Fourth, looking at just one year (and not even the latest 12 months) gives a very partial picture. It is better to look at a longer period and see what the trends are. The chart shows the period from 2005. Real wages (CPI adjusted) are 8.0% lower than at the peak (at the beginning of 2009) and 5.0% lower than at the time of the election in 2010. The differences are even greater if RPI-adjusted wages are used.

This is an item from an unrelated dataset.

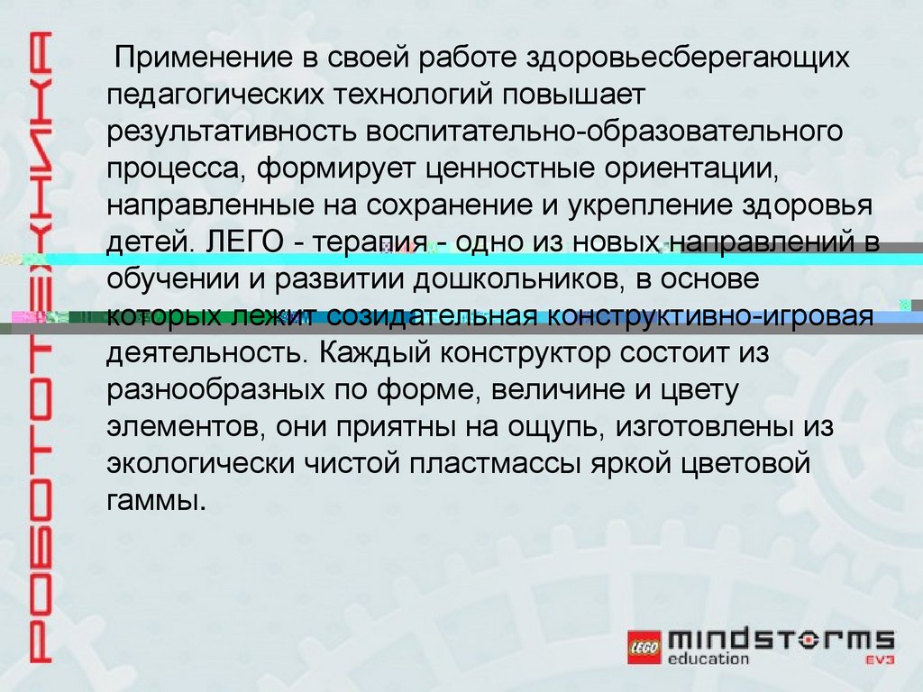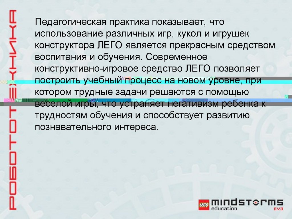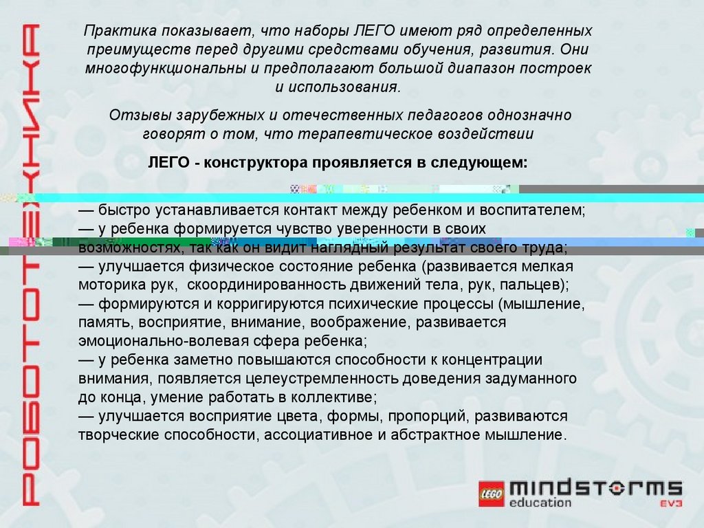 Практика показывает, что наборы ЛЕГО имеют ряд определенныхпреимуществ перед другими средствами обучения, развития. Они

But even if the claim that real incomes are rising is open to a number of objections, it may be that as the recovery begins to gather pace, real incomes will indeed begin to rise. But to assess whether this is so will require a careful analysis of the statistics when they become available.

Articles

UK pay rising in real terms, says coalition BBC News (24/1/14)
Are we really any better off than we were? BBC News, Brian Milligan (24/1/14)
Government take-home pay figures ‘perfectly sensible’ BBC Today Programme, Paul Johnson (24/1/14)
Take-Home Pay ‘Rising Faster Than Prices’ Sky News, Darren McCaffrey (25/1/14)
David Cameron hails the start of ‘recovery for all’ The Telegraph, Peter Dominiczak (23/1/14)
Is take-home pay improving? The answer is anything but simple The Guardian, Phillip Inman and Katie Allen (24/1/14)
Cameron’s ‘good news’ about rising incomes is misleading says Labour The Guardian, Rowena Mason (24/1/14)
The Tories’ claim that living standards have risen is nonsense on stilts New Statesman, George Eaton (24/1/14)
FactCheck: Conservative claims on rising living standards Channel 4 News, Patrick Worrall (25/1/14)
Living standards squeeze continues in UK, says IFS BBC News (31/1/14)
Richest have seen biggest cash income squeeze but poorest have faced higher inflation IFS Press Release (31/1/14)

Data

Average Weekly Earnings dataset ONS (22/1/14)
Annual Survey of Hours and Earnings, 2013 Provisional Results ONS (12/12/13)
Consumer Price Inflation, December 2013 ONS (14/1/14)
Inequality and Poverty Spreadsheet Institute for Fiscal Studies
An Examination of Falling Real Wages, 2010 to 2013 ONS (31/1/14)

Questions

  1. Why are mean weekly earnings higher than median weekly earnings?
  2. Explain the difference between RPI and CPI. Which is the more appropriate index for determining changes in real incomes?
  3. Find out what benefit changes have taken place over the past two years and how they have affected household incomes.
  4. How have gross weekly earnings changed for the different income groups? (The ASHE gives figures for decile groups.)
  5. Which is better for assessing changes in incomes: weekly earnings or hourly earnings?
  6. How would you define a change in living standards? What data would you need to be able to assess whether living standards have increased or decreased?